В свой сорок второй день рождения мама пошла в ванную комнату, осторожно вытащила бритву и перерезала себе горло. Когда пришёл доктор, она была ещё жива, но спустя несколько минут умерла. За все последующие годы мы с отцом никогда не говорили о маме, вплоть до его собственной смерти. Я боялась, что эта тема его расстроит. Я была уверена, что он чувствовал себя виноватым.

 

Комплексы

Ощущение несовершенства в основном было связано с моим телом. И мой отец внёс свой вклад. По его глубокому убеждению, женщина должна быть тощей. 

Кузины Фонда говорили мне, что этого мнения придерживались все мужчины в их роду, на много ступеней назад. Дау Фонда на смертном одре спросил свою дочь Синди: «Тебе удалось сбросить вес?» Она была вовсе не толстой. 

Многие женщины фамилии Фонда страдали пищевыми расстройствами, и по крайней мере две из папиных жён мучились от булимии. С тех пор как я достигла подросткового возраста, папа лично высказался по поводу моей внешности лишь однажды, заметив, что я полновата. 

Обычно он просил свою жену сообщить мне, что он недоволен мною и что ему хотелось бы видеть меня в другой одежде – в менее открытом купальнике, с более свободным поясом и в платье подлиннее.

На самом деле я никогда не отличалась полнотой.
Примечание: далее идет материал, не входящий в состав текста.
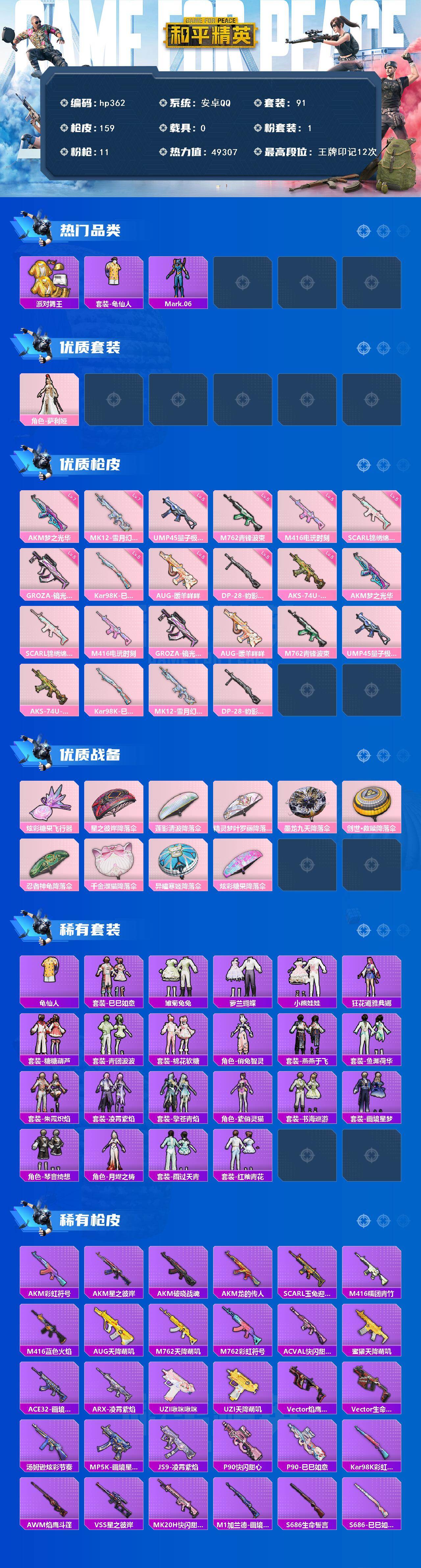 [17032547]安卓 手Q-1粉装-11特效枪-0载具-1粉色飞行器-49307热力值-12王牌印记-91套装-159枪皮 【热门品类】:套装-派对舞王,套装-龟仙人,角色-Mark.06 【粉色套装】:角色-萨利娅 【粉色枪皮等级】:AKM-梦之光华(七级),SCAR-L-锦绣绵绵(五级),M416-电玩时刻(五级),GROZA-镜光银凌(五级),AUG-暖羊咩咩(五级),M762-青锋波束(五级),UMP45-量子极限(五级),AKS-74U-森灵之息(五级),Kar98K-巳巳如意(五级),MK12-雪月幻音(七级),DP-28-豹影疾电(五级) 【粉色枪皮】:AKM-梦之光华,SCAR-L-锦绣绵绵,M416-电玩时刻,GROZA-镜光银凌,AUG-暖羊咩咩,M762-青锋波束,UMP45-量子极限,AKS-74U-森灵之息,Kar98K-巳巳如意,MK12-雪月幻音,DP-28-豹影疾电 【粉色飞行器】:炫彩糖果飞行器 【粉色降落伞】:星之彼岸降落伞,莲影清波降落伞,精灵梦叶罗丽降落伞,墨龙九天降落伞,创世·救赎降落伞,忍者神龟降落伞,千金淑猫降落伞,异瞳寒姬降落伞,炫彩糖果降落伞 【稀有套装】:套装-龟仙人,套装-巳巳如意,套装-雪国风尚,套装-炫彩糖果,套装-雏菊兔兔,套装-萝兰蝴蝶,套装-小熊娃娃,角色-狂花道·雅典娜,套装-糖糖葫芦,套装-青团波波,套装-棉花软糖,角色-俏兔智灵,套装-燕燕于飞,套装-鱼渊荷华,套装-朱霞炽焰,套装-凌霄紫焰,套装-擎苍青焰,角色-紫俏灵猫,套装-书海巡游,套装-画境星梦,套装-琴音绮想,角色-月烬之祷,套装-雨过天青,套装-红釉青花 【稀有枪皮】:AUG-冰晶雪宝,AKM-彩虹符号,AKM-星之彼岸,AKM-破晓战魂,AKM-龙的传人,SCAR-L-玉兔迎春,M416-糯团青竹,M416-蓝色火焰,AUG-天降萌叽,M762-天降萌叽,M762-彩虹符号,AC-VAL-快闪甜心,蜜獾-天降萌叽,ACE32-画境星梦,ARX-凌霄紫焰,UZI-啾咪啾咪,UZI-天降萌叽,Vector-焰鹰斗篷,Vector-生命誓言,汤姆逊-炫彩节奏,MP5K-画境星梦,JS9-凌霄紫焰,P90-快闪甜心,P90-巳巳如意,Kar98K-彩虹符号,AWM-焰鹰斗篷,VSS-星之彼岸,MK20-H-快闪甜心,M1加兰德-画境星梦,S686-生命誓

Но это не имело значения. Если девочка старается кому-то понравиться, важно то, какой она сама себя видит, как она привыкла смотреть на себя – чужим оценивающим, осуждающим взглядом.

Однажды подружка научила меня объедаться, а потом принимать слабительное – сейчас это называется булимией. Не будет никаких последствий, за которые придётся расплачиваться, – это оказалось иллюзией! 

Прошли годы, прежде чем я позволила себе признать, что занималась опасным делом, вызывающим привыкание. Анорексия и булимия, как и алкоголизм, – это болезни отрицания фактов. Кажется, что ты владеешь ситуацией и сумеешь остановиться в любой момент, но это самообман.

После сорока я избавилась от пищевых зависимостей, но лишь после шестидесяти я начала принимать себя во всеми своими пороками и вновь заселилась в собственное тело, поняв, что, как сказано в последних строках стихотворения Эмили Дикинсон, «голод – лишь предлог для тех, кто за окном и внутрь попасть не мог».

  

Низкая самооценка

В то время, когда я посещала актёрские курсы Ли Страсберга, там же училась Мэрилин Монро, самая звёздная его ученица. Она тихонько сидела на галерке, в плаще, с шарфом на голове и очень серьёзным видом. В течение месяца дважды в неделю я садилась позади неё и пыталась понять, что происходит, очень надеясь, что Ли не обратит на меня внимания. 

Мне рассказывали, что Мэрилин Монро не способна была ничего изобразить в классе. Все её попытки заканчивались приступами тошноты от страха. Однажды после занятий я вышла вслед за ней на улицу. Она ловила такси, а я, стоя в сторонке, наблюдала за тем, как она уехала, не обратив на себя внимания. 

Я видела её в кинохрониках, в центре всеобщего внимания, в окружении поклонников и папарацци, – удивительно, как она, кумир восхищённой публики, совершила столь резкое перевоплощение и стояла тогда с тревожным видом, совсем одна на нью-йоркской улице, никем не узнанная.

Несколько лет назад её агент по рекламе (который и меня тоже представлял) рассказал мне, как однажды перспектива выйти из номера и предстать перед журналистами в отеле привела Монро в такой ужас, что её рвало без остановки. 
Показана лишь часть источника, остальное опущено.